## Instructions to follow:
The required output is the exact run of lines in the listing below from the line holding "Manufactured:1998Brand:HallmarkCharacter:Piglet, Winnie the" through the line holding "Busca, además, homogeneizar", with no pictures.

## Record extracts:
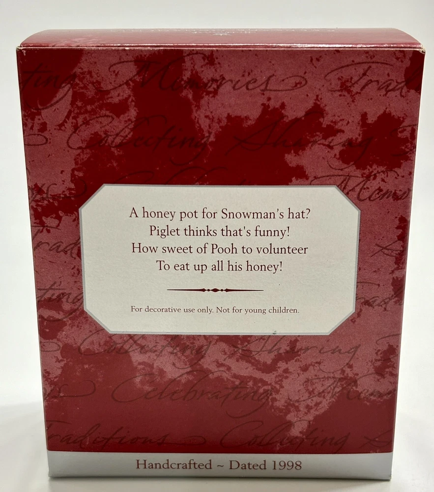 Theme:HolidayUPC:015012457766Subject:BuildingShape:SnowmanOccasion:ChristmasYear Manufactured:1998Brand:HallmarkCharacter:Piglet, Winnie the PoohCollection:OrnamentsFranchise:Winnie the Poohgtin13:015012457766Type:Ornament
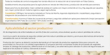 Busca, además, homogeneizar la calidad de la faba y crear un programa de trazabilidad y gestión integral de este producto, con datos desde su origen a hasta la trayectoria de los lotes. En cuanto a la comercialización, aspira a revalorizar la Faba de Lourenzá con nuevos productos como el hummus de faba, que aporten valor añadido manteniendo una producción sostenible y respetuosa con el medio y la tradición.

==

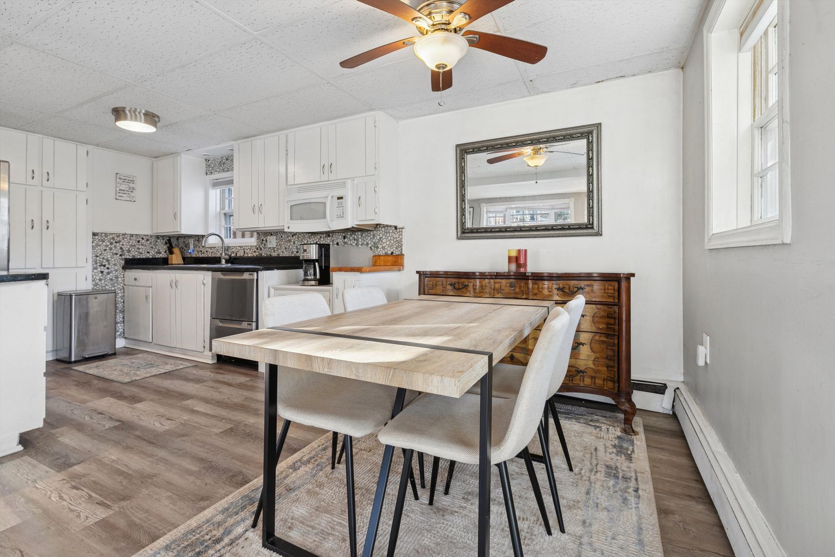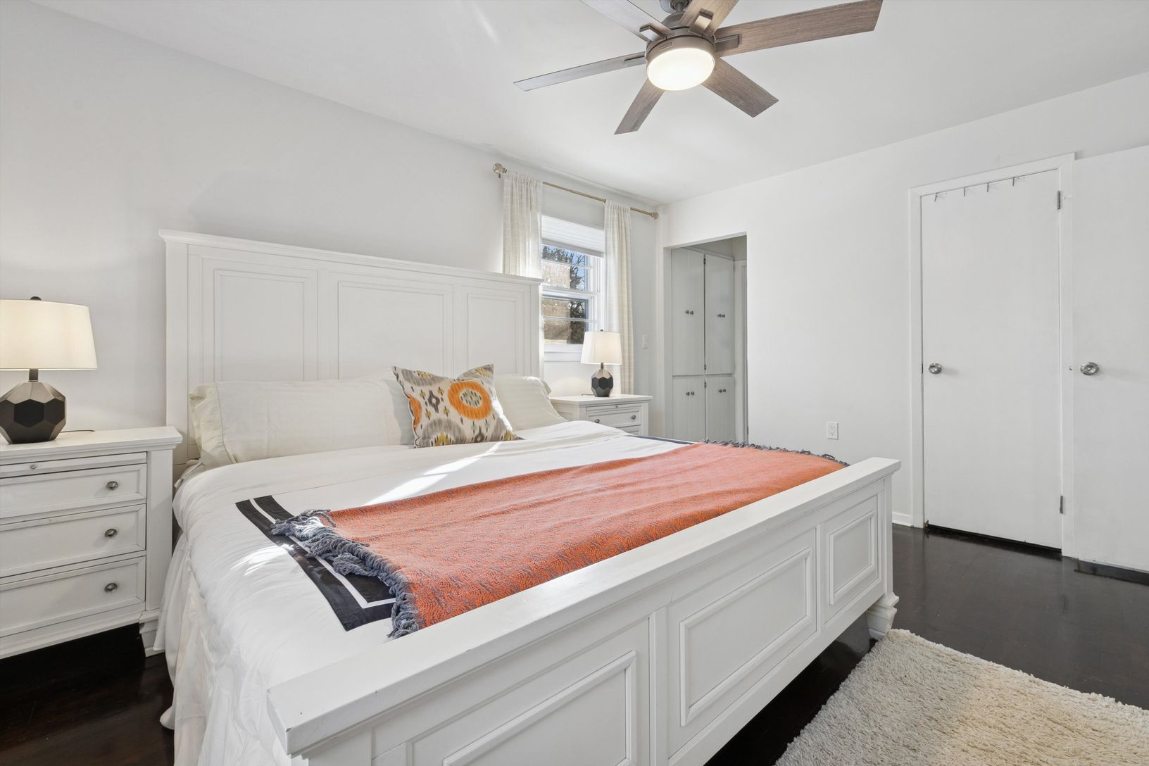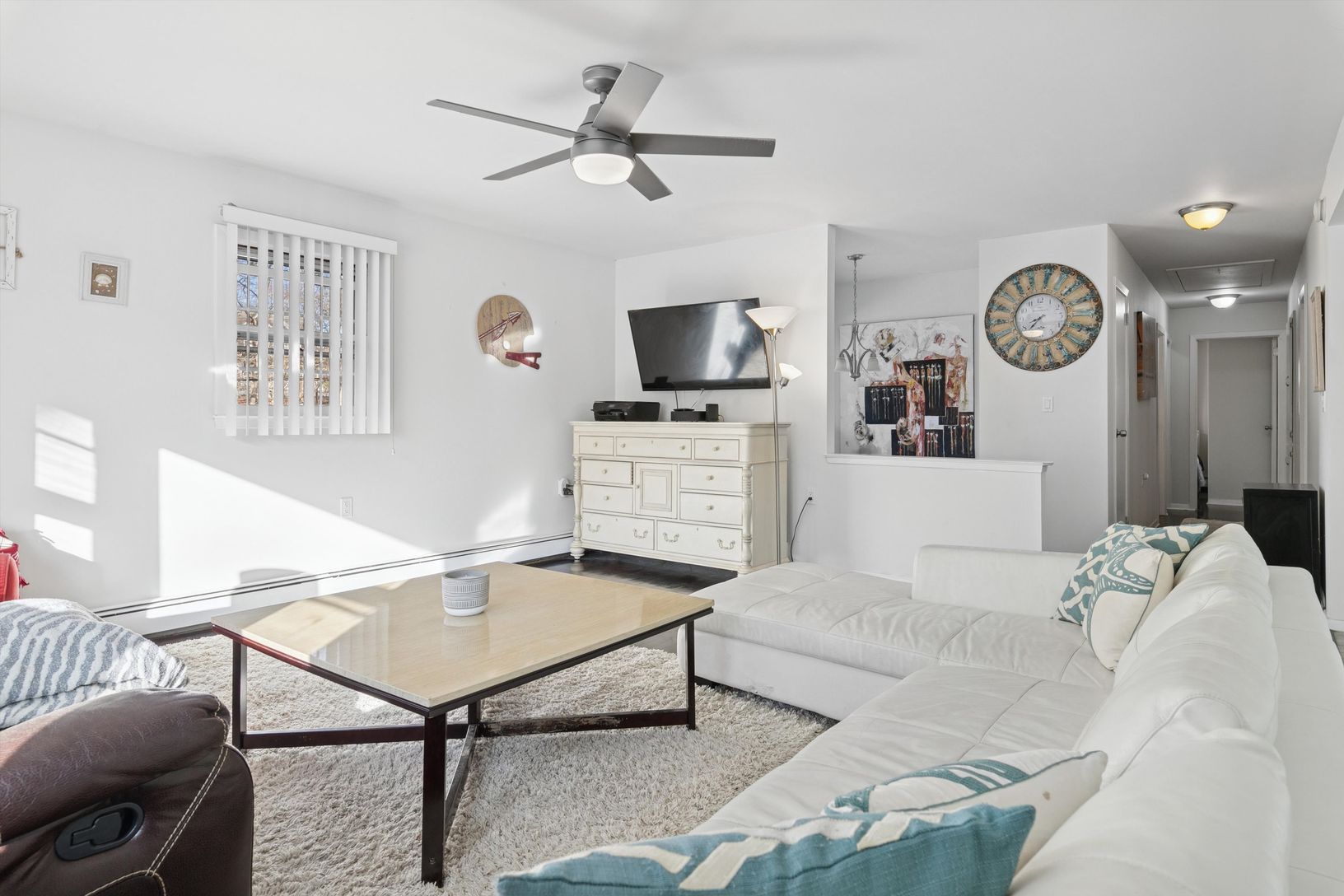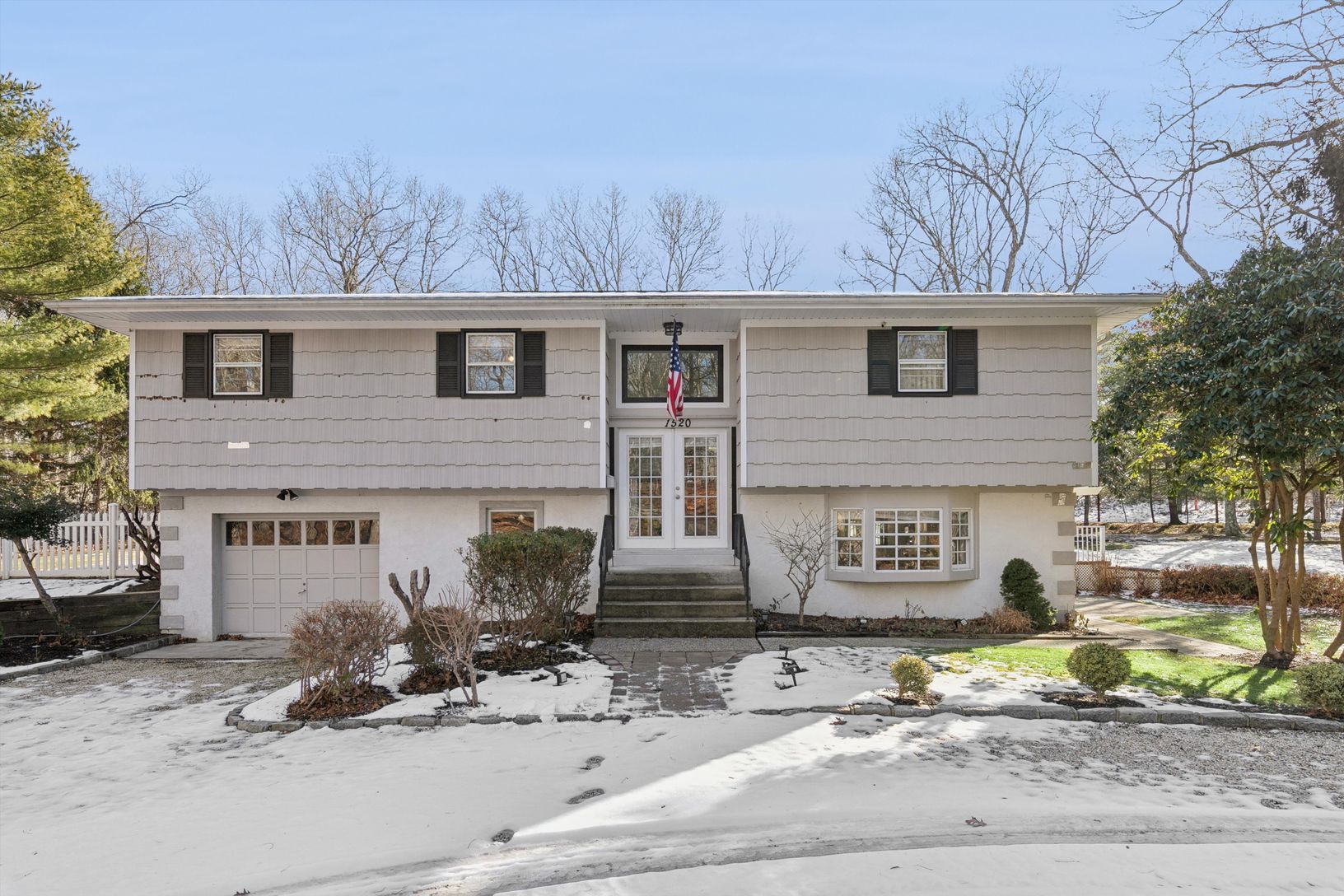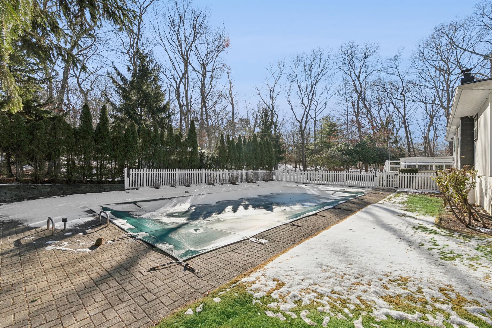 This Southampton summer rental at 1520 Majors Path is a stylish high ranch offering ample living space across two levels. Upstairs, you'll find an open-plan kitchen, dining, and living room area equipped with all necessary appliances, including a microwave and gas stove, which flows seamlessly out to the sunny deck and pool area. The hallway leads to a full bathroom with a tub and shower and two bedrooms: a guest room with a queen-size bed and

...

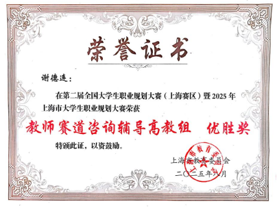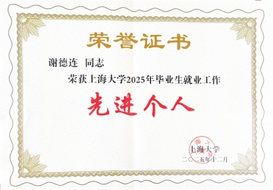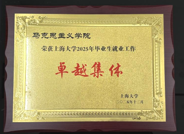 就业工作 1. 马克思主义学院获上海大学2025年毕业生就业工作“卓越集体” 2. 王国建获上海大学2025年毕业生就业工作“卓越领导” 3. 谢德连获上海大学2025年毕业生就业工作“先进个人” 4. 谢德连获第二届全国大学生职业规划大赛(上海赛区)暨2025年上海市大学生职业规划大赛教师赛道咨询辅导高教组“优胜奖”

## Output for this exercise:
 Theme:HolidayUPC:015012457766Subject:BuildingShape:SnowmanOccasion:ChristmasYear Manufactured:1998Brand:HallmarkCharacter:Piglet, Winnie the PoohCollection:OrnamentsFranchise:Winnie the Poohgtin13:015012457766Type:Ornament
 Busca, además, homogeneizar la calidad de la faba y crear un programa de trazabilidad y gestión integral de este producto, con datos desde su origen a hasta la trayectoria de los lotes. En cuanto a la comercialización, aspira a revalorizar la Faba de Lourenzá con nuevos productos como el hummus de faba, que aporten valor añadido manteniendo una producción sostenible y respetuosa con el medio y la tradición.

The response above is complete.